Wiejkowo , until 1945 named (in German) Groß Weckow, is a village in the administrative district of Gmina Wolin, within Kamień County, West Pomeranian Voivodeship, in north-western Poland. It lies approximately 6 km south-east of Wolin, 19 km south of Kamień Pomorski, and 45 km north of the regional capital Szczecin. It is situated on the western shore of Ostrowo Lake in the historic region of Pomerania.

The village has a population of 300.

==History==
The territory became part of the emerging Polish state under its first ruler Mieszko I around 967. Following the fragmentation of Poland, it formed part of the Duchy of Pomerania (which since 1181 became part of the Holy Roman Empire). German-Danish von Guentersberg family governed Weckow since 1299 until they died out in 1763; then the von Berg family received the village. Alexandrine von Berg inherited Weckow from her father and with her marriage to Albert von Ploetz, the village was in the possession of the von Ploetz family until 1945.
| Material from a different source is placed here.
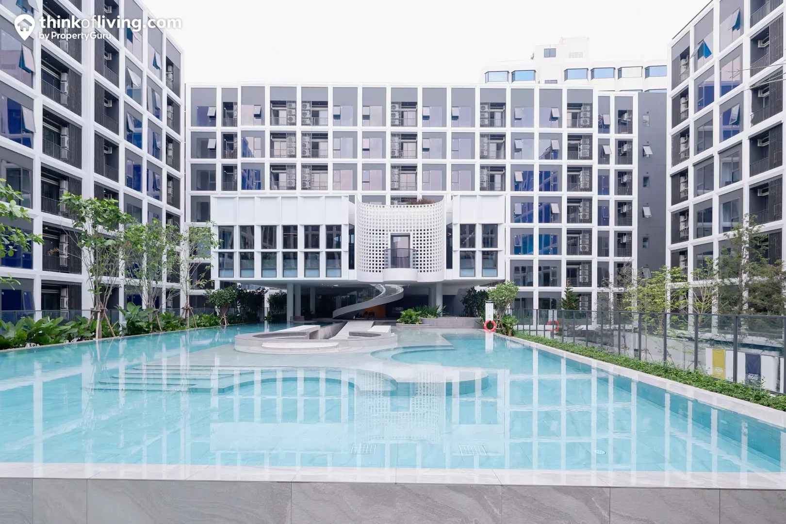 - ออกแบบทั้ง 3 อาคาร โอบล้อมพื้นที่ Court ตรงกลาง ทำให้ห้องที่หันเข้ามาด้านในจะได้วิวและบรรยากาศสวยๆของพื้นที่ส่วนกลาง

Under the terms of the Potsdam Agreement, the region became again part of Poland after World War II, and Poles expelled from Soviet-occupied eastern Poland were resettled in the region.

==The Curmsun disc==
The Curmsun disc was reportedly to be part of a Viking treasure in a grave discovered in the ruins of an earlier church when the current church was being built. Along with other objects, the gold treasure was partly recovered in 1841 and the rest in 1945. It then ended up with a Polish family Sielski, but was then dispersed in the post-war period, except for a few individual objects. These, together with a number of documents related to the find that the then priest had collected, as well as documents from the Second World War and letters within the family, accompanied us when we moved to Sweden in 1988. The disc remained unknown until 2014 when eleven-year-old Maja Sielska showed it to her history teacher and it was subsequently rewritten.